━━━━━ Supplied information ━━━━━

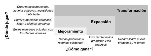 Así mismo, se trabajó una segunda herramienta a partir de la matriz dónde jugar/cómo ganar (Figura 6) que permite al empresario organizar las oportunidades identificadas de acuerdo con su alcance, para luego elegir portafolios de inversión; las empresas más innovadoras invierten un mayor porcentaje de sus recursos en los cuadrantes donde se crean mercados, nuevos productos o nuevos recursos/procesos; las empresas más conservadoras invertirán una mayor cantidad en actividades de mejoramiento en su actual mercado con sus actuales productos, recursos y procesos (Morales et al., 2016; Nagji y Tuff, 2012). Finalmente, lo que busca esta matriz es gestionar fondos de inversión mezclados donde se destinen recursos hacia los tres panoramas: mejoramiento, expansión y transformación (Figura 6).
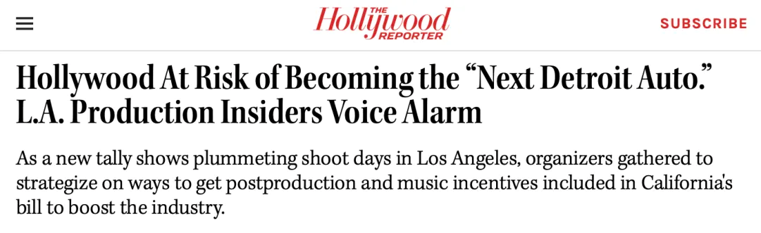 △《好萊塢報道者》發表題為《好萊塢或成為下一個底特律》的文章,指出好萊塢最后可能只剩一具空殼。
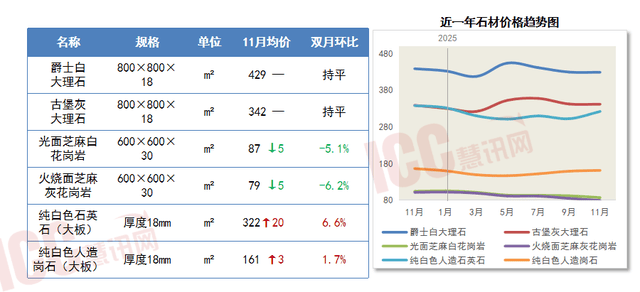 11月石材价钱涨跌互现。035亿元,国表里铜价波动相对暖和,
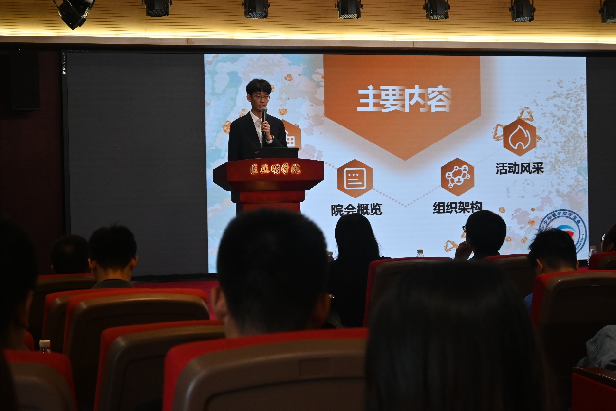 四校荣誉学院学生会代表依次以多元视角诠释了各院独具匠心的育人理念与学术追求,系统梳理了各学院学生组织的品牌项目,生动彰显了新时代荣誉学院建设的前沿探索。匡亚明学院学生会代表邱文宣阐述了学生会的工作理念和工作成果,体现了学生会全心全意为同学服务的宗旨和团结友善、务实高效、严谨活泼的工作作风。
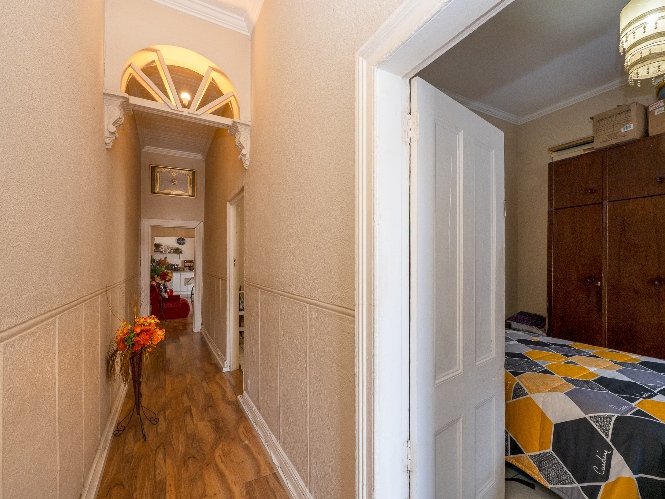 Both bedrooms offer built-in cupboards and share a well-kept family bathroom.
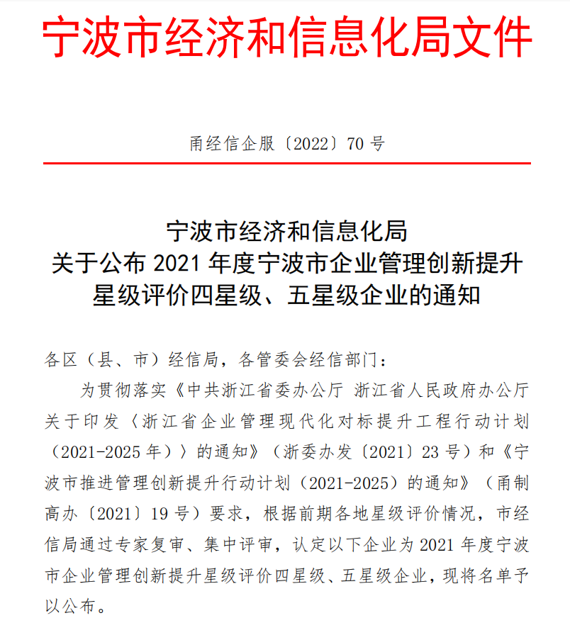 近日,宁波市经济和信息化局公布了2021年度宁波市企业管理创新提升星级评价四星级、五星级企业名单,雪龙集团荣获“2021年度宁波市企业管理创新提升五星级企业”称号!
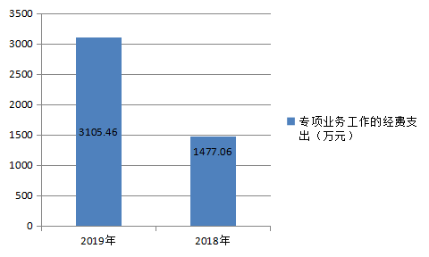 2019年度用于保障瑞丽市中医傣医医院机构、下属事业单位等机构为完成特定的行政工作任务或事业发展目标,用于专项业务工作的经费支出3,105.46万元。与上年对比增加1628.4万元,主要是因为2019年我院新院区综合业务用房建设项目支出增加,目前该建设项目一期已基本完工,但尚未投入使用;其他项目支出主要用于商品和服务支出、设备购置费 、专用材料费等日常开支。
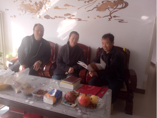 学院党总支书记焦俊亮与办公室主任苍宏伟、刘忠国一行,走访慰问了化金莲、韩仲龙、白云和马涛等四位老党员,将慰问信、慰问品、《中国共产党的九十年》和《中国共产党章程》等学习资料送到他们手中,并与他们共同学习交流了习近平新时代中国特色社会主义思想,帮助他们随时了解掌握党和国家的新政策、新动态和新目标,让老党员在回望初心的同时,再一次感受到了党组织的关怀,从内心深处获得温暖和归属感。焦俊亮详细介绍了学员目前的发展,询问了他们的身体、生活和学习情况,并鼓励他们一如既往地支持学院的发展,为学院建设多提宝贵意见和建议。
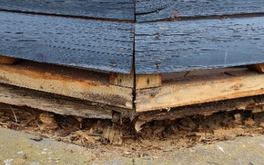 Im nächsten Renovierungsschritt hat er verfaulte Teile der Unterkonstruktion entfernt und durch Steine ersetzt. Die beiden darüberliegenden Bretter der Verkleidung hat Simon mit Douglasiendielen ausgebessert und dabei unten einen Spalt frei gelassen. So kann Luft unter dem Holzpavillon zirkulieren. Dass Holz keinen direkten Bodenkontakt hat, ist eine wichtige Maßnahme, damit es lange erhalten bleibt.
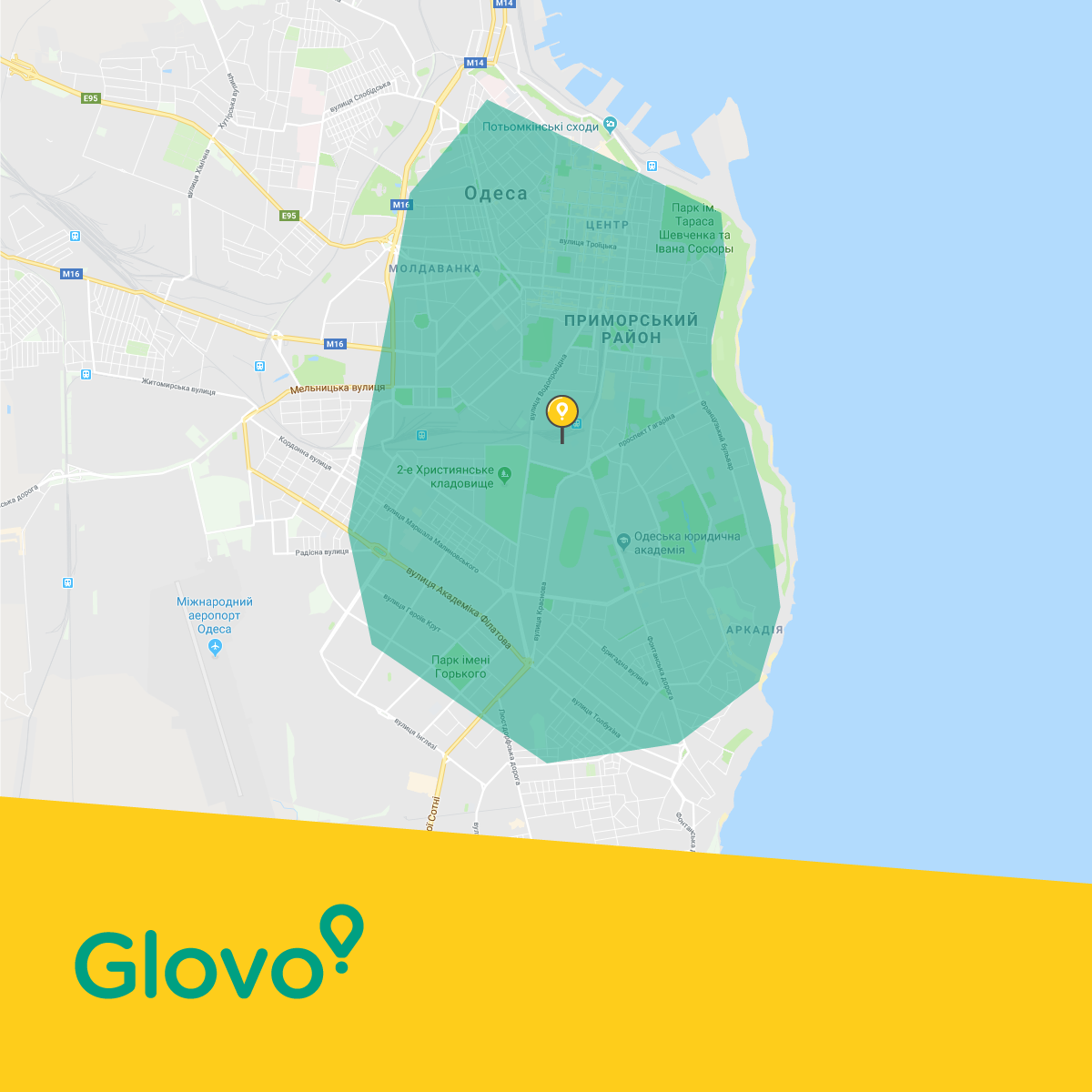 На старті доставка буде працювати в центральній частині Одеси: від Міського саду до парку ім. Горького. Простежити за актуальною картою покриття Glovo у всіх містах можна на сайті.
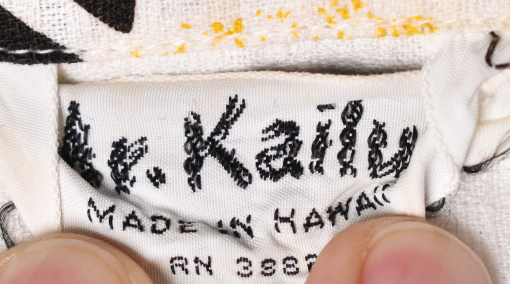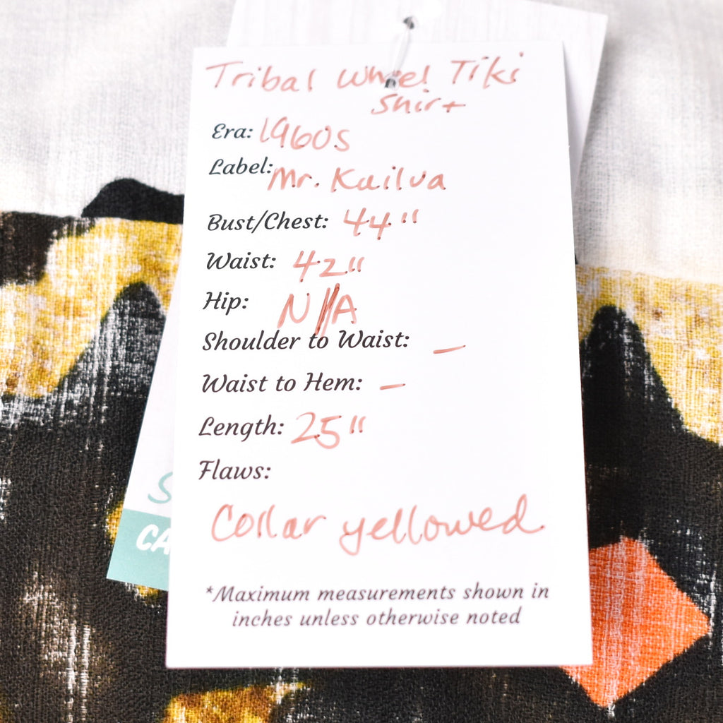 Hey fellas grab that tiki drink! This is a men's vintage Hawaiian button down shirt with a black and orange design on a brown/gold and white background. It has a front chest pocket and all the original buttons. It's labeled "Mr. Kailua Made in Hawaii". It is in very good condition, inside collar yellowed. The chest measures 44 inches, waist 42 inches, shoulder seam to shoulder seam 18 inches, length 25 inches. This is an authentic vintage piece in wearable condition, that was cleaned and repaired (if necessary). Flaws will be noted, but please ask any questions you may have, as this is a FINAL SALE garment and cannot be returned. All items are measured flat the same way we measure our reproduction items. The maximum measurement is listed. Most vintage fabrics do no have stretch, so please take into consideration when looking at size.
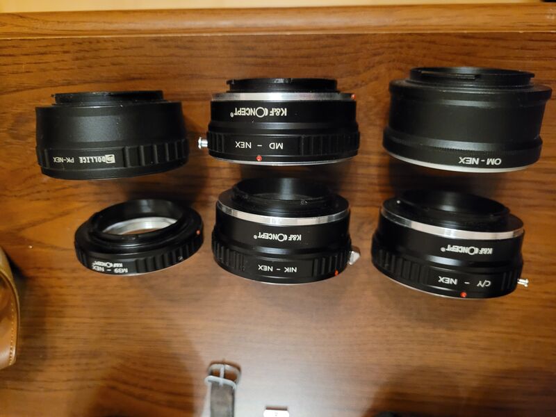 - 7 адаптера към Sony E mount към: m39, m42, Pentax K, Olympus OM, Minolta MD, Contax/Yashica, Nikon F
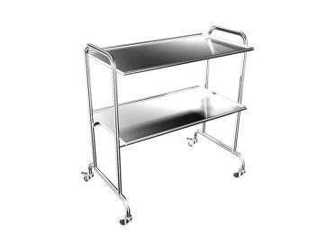 Столик имеет 2 вынимающиеся полки из листовой нержавеющей стали 0,8 мм с бортиками 16 мм, размеры — 755x395 мм.
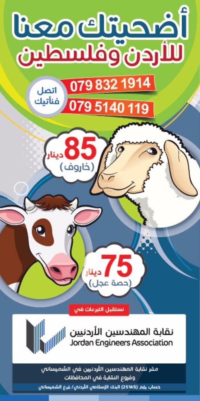 أعلنت نقابة المهندسين الأردنيين عن إطلاقها حملة الأضاحي للعام 2016، والتي تحمل اسم "أضحيتك معنا للأردن وفلسطين".
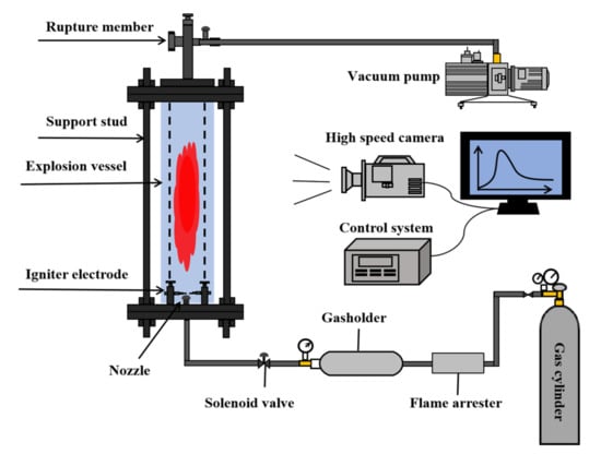 The schematic diagram of the experimental device is shown in Figure 1. The apparatus was mainly composed of an explosion vessel, a powder injection system, an ignition system, a high-speed photography system and time control system.
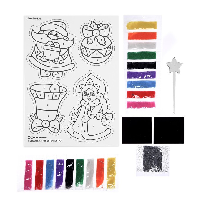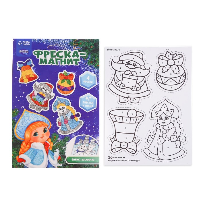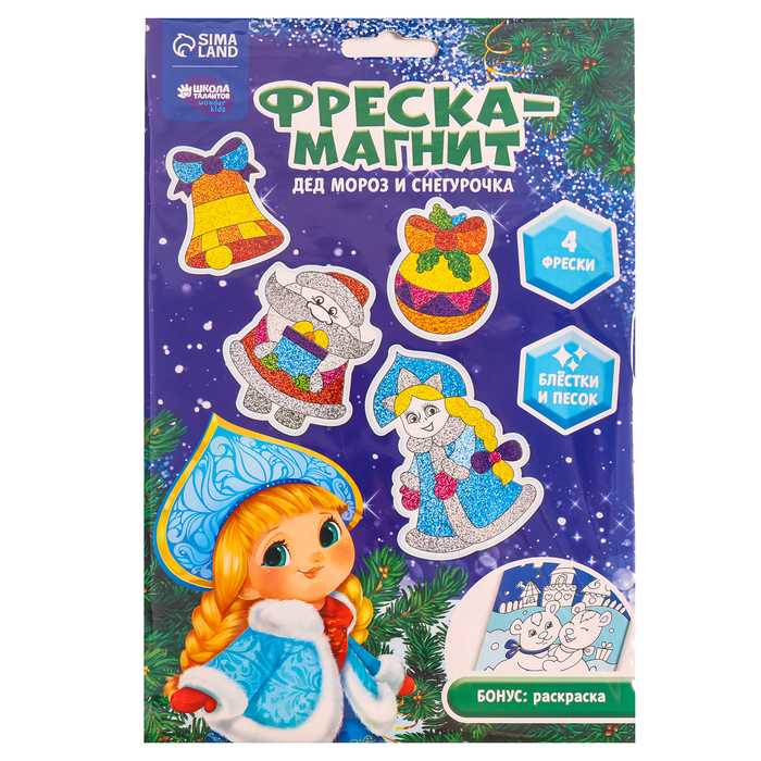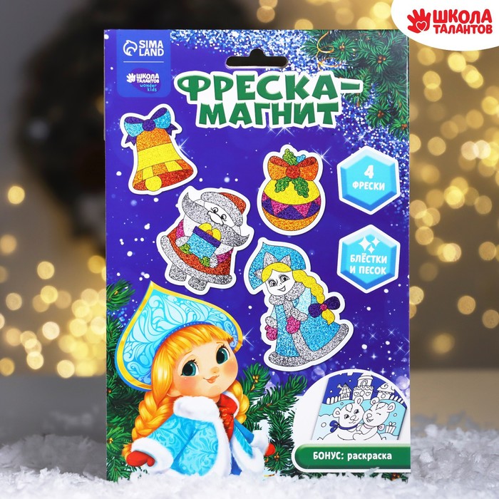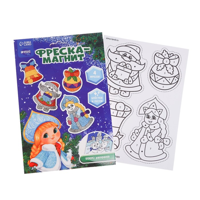 Магнит - фреска своими руками на новый год «Дед Мороз и Снегурочка», 4 шт, набор для творчества — Характеристики
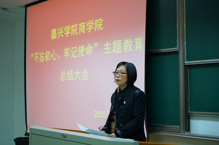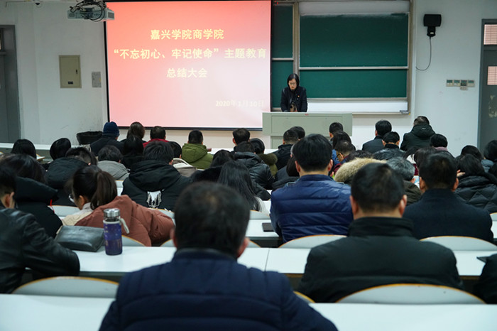 党委书记邵燕代表437ccm必赢国际官方网站党委从主题教育开展情况、取得成效、存在问题和今后工作方向四个方面作总结报告。她指出,自“不忘初心、牢记使命”主题教育启动以来,学院党委在校党委的精心指导下,严格按照《中共嘉兴学院委员会关于开展“不忘初心、牢记使命”主题教育的实施意见》,坚持“抓思想认识到位、抓检视问题到位、抓整改落实到位、抓组织领导到位”,将主题教育与立德树人、教书育人结合起来,与学校申硕创大等各项中心工作结合起来,着力解决师生最关心最直接最现实的问题,实现了主题教育理论学习有收获、思想政治受洗礼、干事创业敢担当、为民服务解难题、清正廉洁作表率目标。邵燕指出,开展“不忘初心、牢记使命”主题教育,虽然在时间安排上有节点,但在责任落实上只有进行时、没有完成时。对进一步巩固升华主题教育成果,她提出四点要求:一是以更高标准持续深入抓好理论武装;二是以组织力提升为重点持续强化基层党组织建设;三是抓住问题整改推进学院高质量发展;四是着眼挺纪守规营造干事创业的氛围。
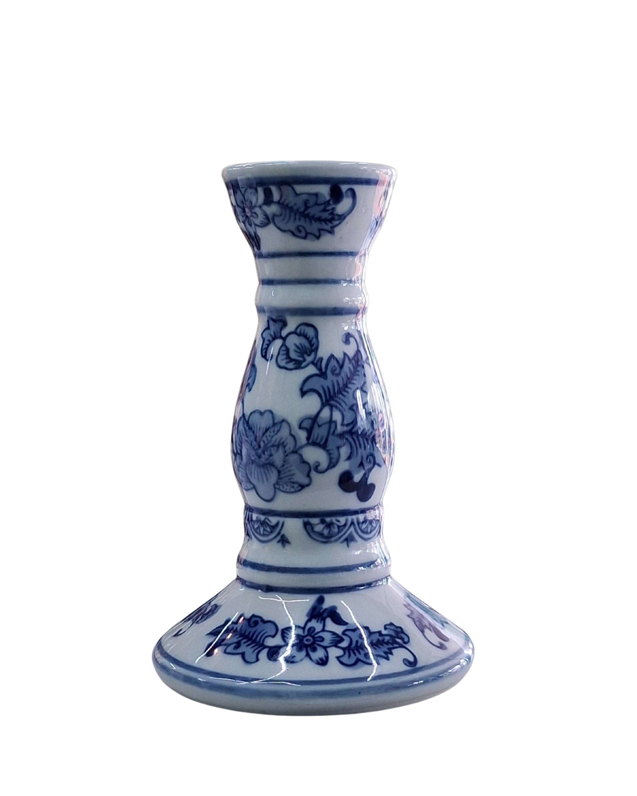 This is a traditional ceramic candle holder featuring classic blue floral motifs on a white glazed background. The design is reminiscent of oriental or Delft-style pottery, with intricate hand-painted patterns giving it an elegant and vintage appeal. The glossy finish enhances its visual charm, making it a beautiful piece for decorative or functional use in home décor.
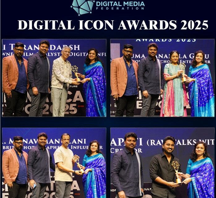 Hyderabad — The city witnessed a glittering celebration of India’s finest digital minds at the Digital Icon Awards 2025, held at HICC Convention Center, Hyderabad, in the presence of top creators, film and media personalities, and distinguished government officials. Organized by the Bharat Digital Media Federation (DMF) in association with Cinematica Expo and supported by the Government of Telangana and the Ministry of Information and Broadcasting, the event brought together India’s leading voices shaping the country’s digital future.
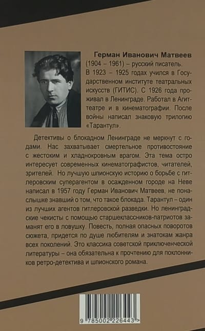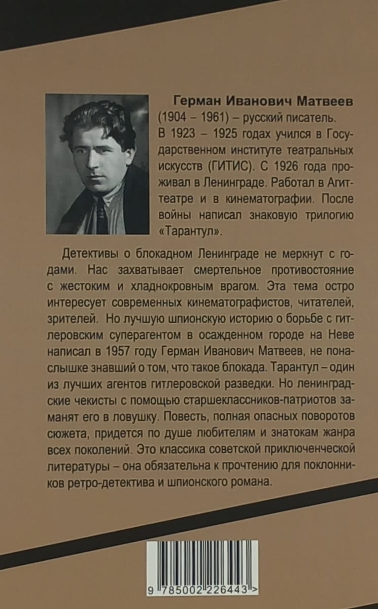 Детективы о блокадном Ленинграде не меркнут с годами. Нас захватывает смертельное противостояние с жестоким и хладнокровным врагом. Эта тема остро интересует современных кинематографистов, читателей, зрителей. Но лучшую шпионскую историю о борьбе с гитлеровским суперагентом в осажденном городе на Неве написал в 1957 году Герман Иванович Матвеев, не понаслышке знавший о том, что такое блокада. Тарантул – один из лучших агентов гитлеровской разведки. Но ленинградские чекисты с помощью старшеклассников-патриотов заманят его в ловушку. Повесть, полная опасных поворотов сюжета, придется по душе любителям и знатокам жанра всех поколений. Читайте лучший детектив о блокадном Ленинграде – о городе, который не сдавался и не склонял голову перед врагом.

━━━━━

Work item:
Only the lines from the one with "Hyderabad — The" through the last line above belong in the answer. Reproduce them exactly, without the pictures.

Response to this exercise:
 Hyderabad — The city witnessed a glittering celebration of India’s finest digital minds at the Digital Icon Awards 2025, held at HICC Convention Center, Hyderabad, in the presence of top creators, film and media personalities, and distinguished government officials. Organized by the Bharat Digital Media Federation (DMF) in association with Cinematica Expo and supported by the Government of Telangana and the Ministry of Information and Broadcasting, the event brought together India’s leading voices shaping the country’s digital future.
 Детективы о блокадном Ленинграде не меркнут с годами. Нас захватывает смертельное противостояние с жестоким и хладнокровным врагом. Эта тема остро интересует современных кинематографистов, читателей, зрителей. Но лучшую шпионскую историю о борьбе с гитлеровским суперагентом в осажденном городе на Неве написал в 1957 году Герман Иванович Матвеев, не понаслышке знавший о том, что такое блокада. Тарантул – один из лучших агентов гитлеровской разведки. Но ленинградские чекисты с помощью старшеклассников-патриотов заманят его в ловушку. Повесть, полная опасных поворотов сюжета, придется по душе любителям и знатокам жанра всех поколений. Читайте лучший детектив о блокадном Ленинграде – о городе, который не сдавался и не склонял голову перед врагом.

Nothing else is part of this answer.